Equity Risk Monitor Insights
Week of April 27
As the head of the Applied Research team, I am charged with providing insights into the current state of market risk and how it might be impacting investors’ portfolios. Once a week, we publish a summary of the highlights from the prior week, using Axioma’s risk models and analytic tools to transform data into information.
This week we have noted that France’s risk increased last week, up about two percentage points from the prior week, and overall risk for FTSE Developed Europe rose about 1.5 percentage points (even as the market gained). Europe was not alone among major markets seeing higher risk, with the Russell 1000 up more than 60 basis points, FTSE Japan up almost 1%, and FTSE Developed posting an increase of over 90 bps. FTSE Asia-Pacific ex-Japan and Australia, on the other hand, were basically flat. France also became riskier relative to other European countries. Earlier this month the risk of France as a percent of the total risk of FTSE Developed Europe was slightly lower than what would be implied by its weight in the index, whereas by the end of last week they were equal.
We have also noticed that the French elections appear to have impacted individual correlations. As overall risk rose, rolling 20-day correlations jumped substantially over the past couple weeks within FTSE Developed Europe, although they ended last week slightly below the recent peak. This increase stands in contrast to declining correlations (on top of already low levels) in the other markets we track closely.

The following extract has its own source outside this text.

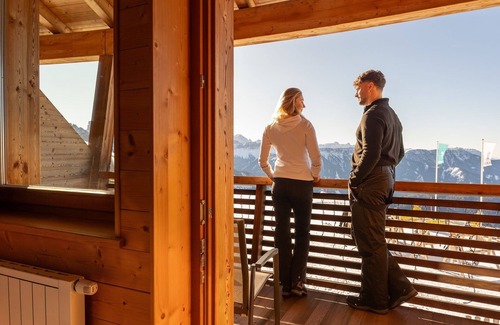 The Rossalm Panoramic Room 5 is located on the Plose near Brixen and offers direct access to the ski slopes and hiking area. The 17 m² accommodation consists of a bedroom and a bathroom and can accommodate 2 people. Amenities include high-speed Wi-Fi (suitable for video calls) with a dedicated workspace for your home office, a TV, towels, bathrobe and sauna towels. You also have access to a shared sauna and a communal outdoor whirlpool. A baby cot and a high chair are available on request. The room also features a private balcony where you can relax in the evening.
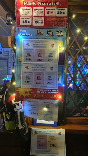 Read moreWitam, byłam tam w sobotę, już któryś raz z kolei i zawsze wybierając się jechaliśmy w zorganizowanej grupie (3 pelne auta). Bylismy tam i latem i zmima kilka razy. Naprawdę miejsce super polecenia było, aż do soboty. Na stronie internetowej nie ma wzmianki nic o biletach VIP. CENNIK też nie dokonca zrozumiały. Trochę drogi musieliśmy pokonac, aby dotrzeć ale wiadomo jak miejsce fajne to i to nie przeszkadza tym bardziej że jak wcześniej wspomniałam mamy zgrana grupę. Będąc juz na miejscu, gdy kupowaliśmy bilety zauważyliśmy cennik, na którym DUZYMI LIERAMI jest informacja (patrz. załączniki), ze Park oferuje cos takiego jak bilet "VIP- na wszystkie atrakcje bez limitu czasowego", więc każdy z nas taki bilet kupił. Jak się później okazało rzeczywistosc była inna. Chcąc iść trzeci raz na atrakcje NenuLASER - usłyszeliśmy wiadomość że nasz limit się wyczerpał, bo w bilecie są tylko dla wyjścia, a gdy inna osoba z naszej paczki poszła się pytać co w takim razie z Biketem VIP i informacja, że wszystkie atrakcje bez limitu czasowego - otrzymała odpowiedz, że jest dużo ludzi i nie da rady. Oczywiście wszystko rozumiemy i zgadzam się z tym, że każdy by chciał skorzystać jak jest dużo ludzi, (tak bo kilka razy wcześniej, jak jeździliśmy pilnowało sie kolejki), ale uwierzcie mi arena była pusta i nie była zarezerwowana na żadne urodzinki czy dla jakiejś innej grupy. Jak wcześniej wracaliśmy do domu bardzo zadowoleni i chętnie polecaliśmy to miejsce innym tak tym razem bardzo się zawiedliśmy. Czujemy się oszukani. Coś chyba jest nie tak, nie fair skoro płaci się za bilet VIP i mimo braku ludzi czy zainteresowania innych dana atrakcją nie można z niej skorzystać a informacja przy kasie mówi coś innego. Mimo bardzo miłej obsługi i fajnych atrakcji nie polecam już tego miejsca, tak się nie oszukuję ludzi. Bilet Vip - bez limitu aokazalo sie ze jednak jest lub nie wmawia, że nie można skorzystać z atrakcji bo ktoś inny tam jest - nikt slepy nie jest. BARDZO zniesmaczona,...

Lastly, at the beginning of this year, the risk/return chart showed wide divergence of risks in individual emerging market countries, with a few, such as Brazil, standing out with much higher risk than the others. There were also a number of emerging countries, including Russia, with lower risk than the average developed market. As of last week, that picture had shifted sharply, with risk and return for most emerging countries converging, meaning higher risk and lower return, as compared with their developed market counterparts. Still, while the risk/return tradeoff over the past six months has favored developed markets, all countries have experienced positive returns.